- **Task requirements**:
Please make sure what you return matches the listing below exactly, minus its pictures.

- **Data shown**:
== Segment start ==
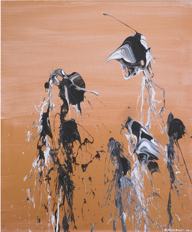
Elämän fantasia - ensimmäinen näytös

Katsoessaan abstrakteja teoksia katsoja tulkitsee itseään sisältä. Taiteilijan abstrakti ekspressio muuttuu katsojan abstraktiksi impressioksi.
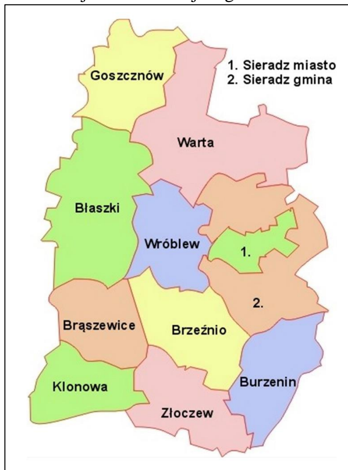
Ryc. 1. Gmina Błaszki w powiecie sieradzkim

Gmina Błaszki posiada stosunkowo dobrze rozwiniętą infrastrukturę komunikacyjną z drogami wojewódzkimi nr 449 relacji Błaszki – Syców i nr 710 przebiegająca od Łodzi przez Szadek, Wartę do Błazek i dalej do Poznania oraz drogą krajową DK12 2 . Pozostałe miejscowości połączone są ze sobą trzynastoma drogami powiatowymi. Należy przy tym podkreślić, że na północ od Błazek przebiega fragment kolejowej linii komunikacyjną o zasięgu lokalnym jak i międzynarodowym ze stacjami
== Segment end ==
- **Result of the task**:
Elämän fantasia - ensimmäinen näytös

Katsoessaan abstrakteja teoksia katsoja tulkitsee itseään sisältä. Taiteilijan abstrakti ekspressio muuttuu katsojan abstraktiksi impressioksi.
Ryc. 1. Gmina Błaszki w powiecie sieradzkim

Gmina Błaszki posiada stosunkowo dobrze rozwiniętą infrastrukturę komunikacyjną z drogami wojewódzkimi nr 449 relacji Błaszki – Syców i nr 710 przebiegająca od Łodzi przez Szadek, Wartę do Błazek i dalej do Poznania oraz drogą krajową DK12 2 . Pozostałe miejscowości połączone są ze sobą trzynastoma drogami powiatowymi. Należy przy tym podkreślić, że na północ od Błazek przebiega fragment kolejowej linii komunikacyjną o zasięgu lokalnym jak i międzynarodowym ze stacjami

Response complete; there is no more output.